Когда я получил возможность читать книги, да еще по своему выбору, когда стал размышлять над философскими и поэтическими произведениями, тогда началась жизнь «по ту сторону отчаянья». Тогда я возобновил и мысленные записи в моем лирическом дневнике.
Когда я говорю здесь о «тюремных буднях», я имею в виду не только прозябание, грозящее вырождением, но и трудную «будничную работу» мысли: поиски выходов. Утешение приносили и мнимые выходы, особенно, если казалось, что они дают возможность заглянуть куда-то вглубь или ввысь.

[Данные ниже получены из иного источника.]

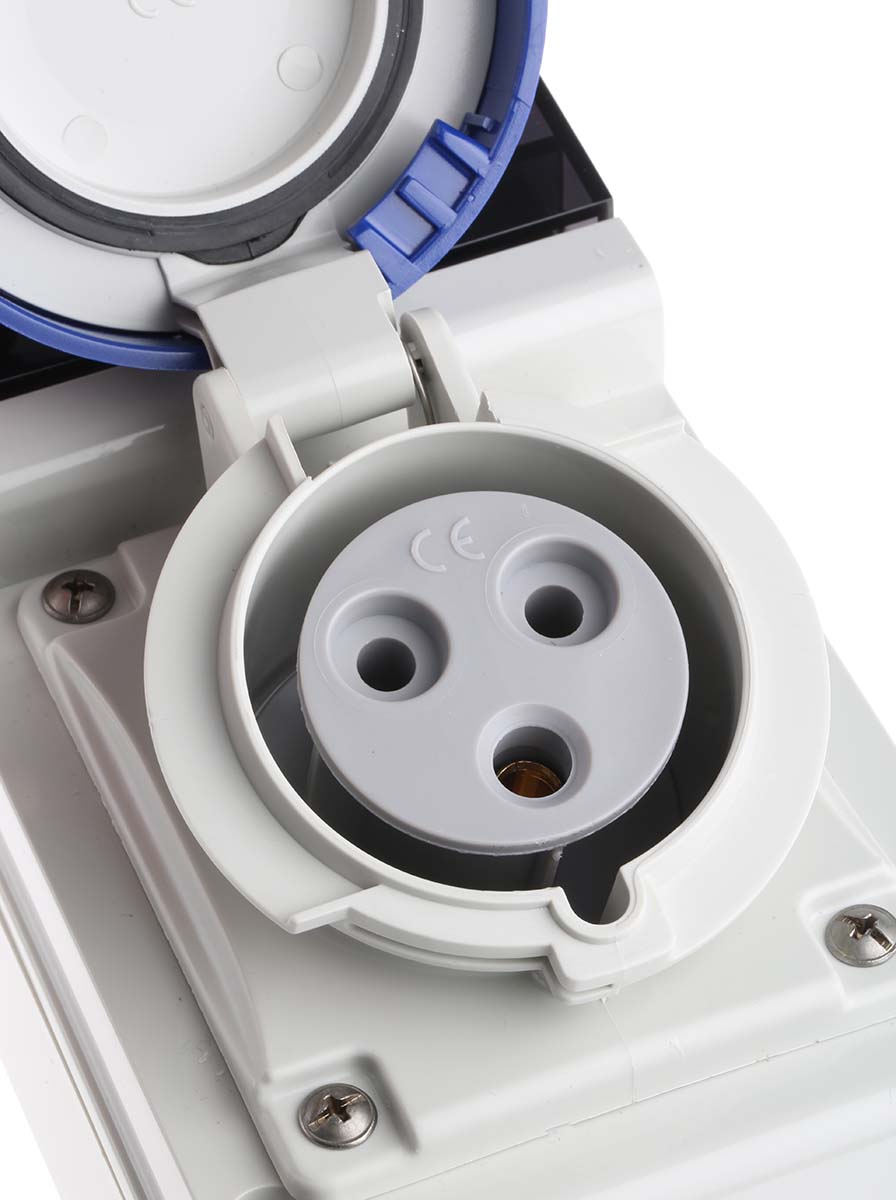 This is IP67 Blue Wall Mount 2P+E Industrial Power Socket Rated At 32.0A 230.0 V manufactured by Scame. The manufacturer part number is 632.3213-RW. The product has a current rating of 32a. The product is available in wall mount configuration. It is IP rated with ip67. In addition, female is the available "Gender" of the product. It has a decent blue colour. Moreover, the product has a nominal 230 v voltage rating. While the pole has 2p + e format. It comprises a socket. It has straight body orientation.
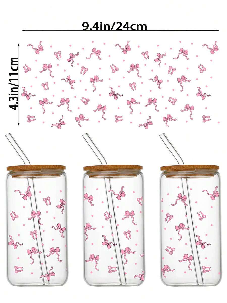 Fairycore 1pc Cute Pink Bow UV Printed Crystal Sticker For Drinking Glass With Pink Bow Design
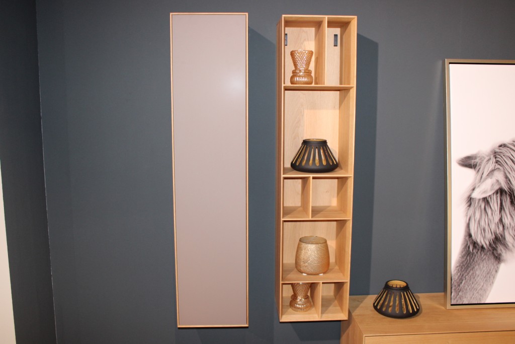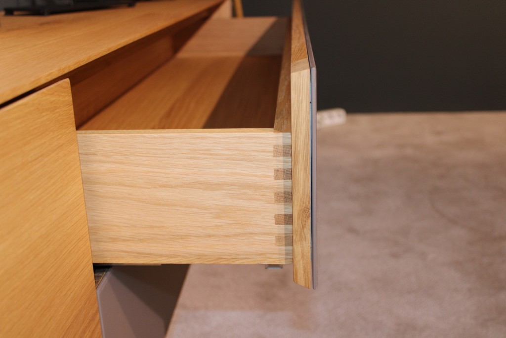 Massive Wohnwand in Eiche geölt / Glastüren Absetzungen Satinato Taupe.
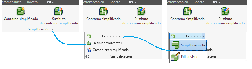 En los documentos de ensamblaje, la ficha Simplificar se ha quitado y los comandos se han trasladado al panel Simplificación. El panel Simplificación era anteriormente el panel Simplificar.

Я, конечно, не хочу сказать, что только в тюремном заключении постигаются роковые проблемы, возникающие в раздумьях о пройденном жизненном пути. Но в тюрьме, да и вообще в вынужденном одиночестве, особенно явственно понимаешь, что мечты не осуществлены, ошибки неисправимы, надежды тщетны и смерть недалека, возможно, в обличьи палача. Но в этих же условиях на душевное состояние влияет своеобразное преимущество узника, находящегося в полной изоляции: хоть он страдает даже в страхе, зато освобожден на время от повседневных забот «быстротекущей жизни», от мелких житейских тягот, от суеты, из-за которой трагедия – по своей сути – может обратиться в комедию – по форме.
Стало быть, в тюремном одиночестве человек, если он владеет своими нервами, может порой мыслить на уровне чистой высокой трагедии. Правда, в одиночестве, погрузившись в размышления, человек может незаметно для себя увлечься и некими абстрактными понятиями, за которыми скрывается доступная людям реальность. Такова была обуревавшая меня в секретной тюрьме жажда бессмертия.
Если бы я был религиозен, я бы обрадовался, что «жив чувством соприкосновения таинственным мирам иным» – как говорил русский инок у Достоевского. Не было этого. К сожалению. Несмотря на то, что человек в тюрьме причастен к тайнам бытия больше, чем в повседневной сутолоке.
Я думаю, что страстная воля к бессмертию, томившая душу в одиночном заключении, была и выражением тоски по жизни во всем ее величии и красоте, была вместе с тем игрой ума и защитной реакцией в застенке. С этой точки зрения мои попытки в тюрьме выразить в словах мечты о бессмертии – форма поисков выхода из тупика.
…Итак, рассказ о тюремном тупике, начатый зловещим изречением «Змея есть змея, тюрьма есть тюрьма» и посвященный в значительной своей части опасным сторонам пребывания в особорежимной тюрьме, – я заканчиваю рассуждением о высокой трагедии и общечеловеческой радости.
Такой ход повествования отражает развитие моего душевного мира во время долгого пребывания в Сухановской тюрьме. Тюремщики вряд ли были способны понять, каким образом эпитет «особая» может приобрести иной смысл, чем тот зловещий, который они ему придавали. Действительно, рассказывая о моих мечтаниях в одиночке, я описываю особое состояние, но не состояние деградации, которого добивались тюремщики, а наоборот, поиски выхода из тупика. Правда, мечты о бессмертии могли быть и формой бегства от страшной действительности. Все дело в том, что бежать от нее нельзя было. Скрыться от действительности было невозможно потому, что тюрьма была частью страны (я уже писал об этом). Сухановская тюрьма с ее условиями существования, губительными для личности, была по своей сути типичной для страны и эпохи. Эти анормальные условия не могли бы стать реальностью, если бы эту тюрьму не породил античеловечный режим того времени.
Мои размышления в одиночке были не только поисками выхода из тюремного тупика, но и поисками выхода из огромного лабиринта обмана и самообмана.